Challenges in Modernising Your Data Warehouse
Eros Frigerio, Manager and Solution Architect at Datwave, explains the main challenges our customers face in modernising their data warehouses and the best approach to follow.
“As my colleague Marco explained, choosing to modernise your data warehouse in the cloud brings about numerous benefits, but at the same time it entails a series of challenges to tackle when designing and implementing the solution.”
Main Challenges:
- Meeting Security and Compliance Requirements: In the world of the public cloud, you have to pay close attention to the security and compliance requirements (e.g., the GDPR). We need to find solutions that provide the best compromise between operational agility and compliance.
- Adopting a Cloud-Native Approach: Data models and data ingestion and transformation pipelines must be optimised for the cloud. Approaching the cloud with overly traditional solutions can be counterproductive.

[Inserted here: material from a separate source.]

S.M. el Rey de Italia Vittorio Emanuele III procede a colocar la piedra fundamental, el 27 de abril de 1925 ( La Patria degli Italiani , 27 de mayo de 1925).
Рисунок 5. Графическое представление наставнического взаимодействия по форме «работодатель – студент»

- Implementing Data Governance: The configuration and implementation of cloud services require a data governance framework to control the data along its transformation path and ensure expected technical and business quality levels.
Datwave’s Approach to Data Warehouse Modernisation
To ensure and support the evolution of the cornerstones of the new data warehouse, our approach consists of three key phases which examine four areas of intervention: the choice of cloud access strategy, the design of the reference architecture, data modelling, and roll-out of analytics solutions.

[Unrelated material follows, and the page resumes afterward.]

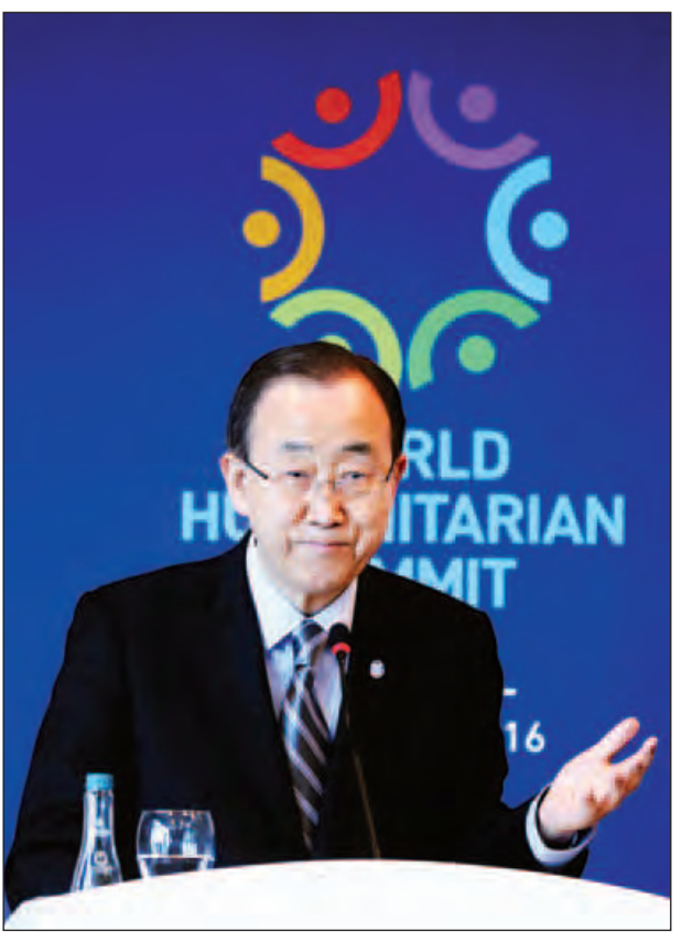
ပေါင်း ၁၅၀၀ အထိ ချမှတ်နိုင်ခဲ့ကြောင်း၊ သို့ရာတွင် အထူးသဖြင့် ဝန်ကြီးချုပ်အိန်ဂျလာမာကလံမှအပ ဂျီ-၇ နိုင်ငံများမှ ခေါင်းဆောင်များ တက်ရောက်နိုင်ခြင်းမရှိခဲ့ကြောင်း ဘန်ကီမွန်းက ပြောကြားသည်။ ဆင်ဟွာ။

အစ္စတန်ဘူလ် မေ ၂၅ ကမ္ဘာ့အင်အားကြီး နိုင်ငံများမှ ခေါင်းဆောင်များသည် လူသားချင်းစာနာထောက်ထားမှုဆိုင်ရာ အကျပ်အတည်းများကို နိုင်ငံရေးအရ ဖြေရှင်းနိုင်ရေးအတွက် ပူးပေါင်းဆောင်ရွက်သင့်ကြောင်း ကုလသမဂ္ဂအတွင်းရေးမှူးချုပ် ဘန်ကီမွန်းက မေ ၂၄ ရက်တွင် ပြောကြားသည်။ ကမ္ဘာ့လူသားချင်းစာနာထောက်ထားမှုဆိုင်ရာ ထိပ်သီးညီလာခံကို တူရကီနိုင်ငံအစ္စတန်ဘူလ်မြို့၌ နှစ်ရက်ကြာကျင်းပခဲ့ပြီးနောက် သတင်းစာရှင်းလင်းပွဲတွင် ကုလသမဂ္ဂအကြီးအကဲက အထက်ပါအတိုင်း တိုက်တွန်းလိုက်ခြင်းဖြစ်သည်။ ကမ္ဘာ့လူသားချင်းစာနာထောက်ထားမှုဆိုင်ရာ ထိပ်သီးညီလာခံမှာ အောင်မြင်မှုရှိသောညီလာခံဖြစ်သော်လည်း ယင်းညီလာခံသို့ ကမ္ဘာ့ခေါင်းဆောင်အချို့ တက်ရောက်ရန် ပျက်ကွက်ခြင်းအတွက် မိမိစိတ်ပျက်မိကြောင်း ဘန်ကီမွန်းကပြောကြားသည်။ အဆိုပါထိပ်သီးညီလာခံ၌ ကုလသမဂ္ဂအဖွဲ့နိုင်ငံများ၊ အဖွဲ့အစည်းများနှင့်အဖွဲ့အစည်းများက ကတိကဝတ်ပြုမှု

- Assessment Phase: This step analyses the current situation to evaluate technical and economic feasibility, organisational maturity, and data availability to identify the best strategic direction.
- Conceptualisation Phase of Foundation: Creating the main founding pillars of the new data warehouse, especially in terms of architecture, data model, and implementation guidelines.

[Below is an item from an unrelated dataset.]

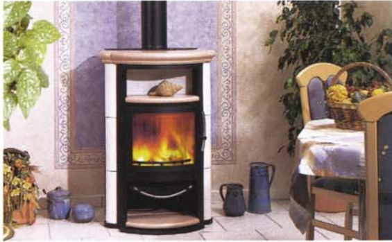
▲ „Ancona Aqua“

tionellen Kaminöfen werden somit zu den 100 % Raumwärmeleistung zusätzliche 50 % für die Wasserseite dazugewonnen und dies ohne zusätzlichen Holzeinsatz. Deutlich wird dies bei einer Messung der Abgastemperatur am Abgasstutzen: Sie sinkt bei einem Aqua-Kaminöfen von ca. 340°C auf etwa 245°C. Diese aus dem Abgas gewonnene Energie wird dem Heizkreis zugeführt. Der Anteil der Heizleistung über die Wasserseite steigt mit der Brenndauer an. Um die Wärmeverteilung optimal regeln zu können, sind ein Temperaturregler und ein Thermostatregler nötig.

- Implementation Phase: Execute, measure, and improve. This involves activating and configuring the cloud architecture components, developing the new data model, and implementing the analytical and reporting use cases.
Technologies Enabling Modern Data Warehousing
Luca Natali, Associate Data Engineer at Datwave, explains the main technologies enabling the development of a modernised data warehouse platform.
The main technologies for modern data warehouses are cloud-native services that offer complete management from raw data to visualisation dashboards. These services can be grouped into five basic categories:
- Raw Data Layer: Object-storage services for structured, semi-structured, and unstructured data. Examples: Amazon S3, Google Cloud Storage, Azure Blob Storage.
- Data Integration: Managed and scalable processing tools for distributed data processing. Examples: Amazon Glue, Azure Data Factory, Google Dataflow.
- Data Warehousing: The primary component where data is saved in the table format. Examples: Amazon Redshift, Google BigQuery, Azure Synapse Analytics.
- Visualisation/Reporting: Services for developing reports and data visualisation dashboards. Examples: Amazon QuickSight, Microsoft Power BI, Google Data Studio.
Examples include: Amazon QuickSight, Microsoft Power BI, Google Data Studio.
“Even for customers who have already brought their data warehouse to the cloud, modernisation can offer further benefits on top of those already obtained with the first migration of the data warehouse.”
Modernising your data warehouse with Datwave ensures you gain greater flexibility, platform reliability, and a significant reduction in operational tasks, making your data management chain—from ingestion to reporting—more efficient and robust.